Despite the overall revenue decline, BuzzFeed saw growth in two of its highest-margin revenue streams. Programmatic advertising revenues increased 3% YoY to $16.0 million, while affiliate commerce revenues grew 9% YoY to $10.4 million.

"Our strong performance in Q2 marks a turning point we've been working toward for the past two years," said Jonah Peretti, BuzzFeed Founder & CEO. "We are beginning to see the benefits of our investment in a differentiated technology platform that allows us to accelerate AI product development, make our sites and apps more interactive and personalized, and increase the amount of content our team and audience can create using AI-powered tools."

The company's focus on AI-driven engagement appears to be yielding results.
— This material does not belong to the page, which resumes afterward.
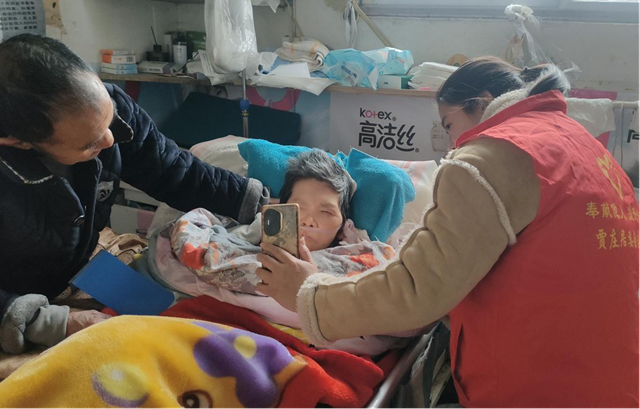 在行動(dòng)不便的老人家中,志愿者們耐心地協(xié)助完成身份核驗(yàn),仔細(xì)為老人進(jìn)行人臉識(shí)別。對(duì)于臥床不起的殘疾老人,志愿者們更是全程細(xì)致周到,確保認(rèn)證流程順利完成。同時(shí),志愿者們還與老人親切交談,關(guān)心他們的日常生活和身體狀況,認(rèn)真傾聽訴求,并為老人講解養(yǎng)老政策,叮囑他們注意冬季保暖和用火用電安全。

BuzzFeed was the only digital media company in its competitive set to grow audience time spent in Q2 compared to Q1, according to Comscore data cited in the earnings release.

Looking ahead, BuzzFeed expects third-quarter revenue between $58 million and $63 million, representing a range of 3% lower to 5% higher than the third quarter of 2023. The company also anticipates Adjusted EBITDA of $6 million to $11 million for Q3, approximately $8 million higher year-over-year at the midpoint.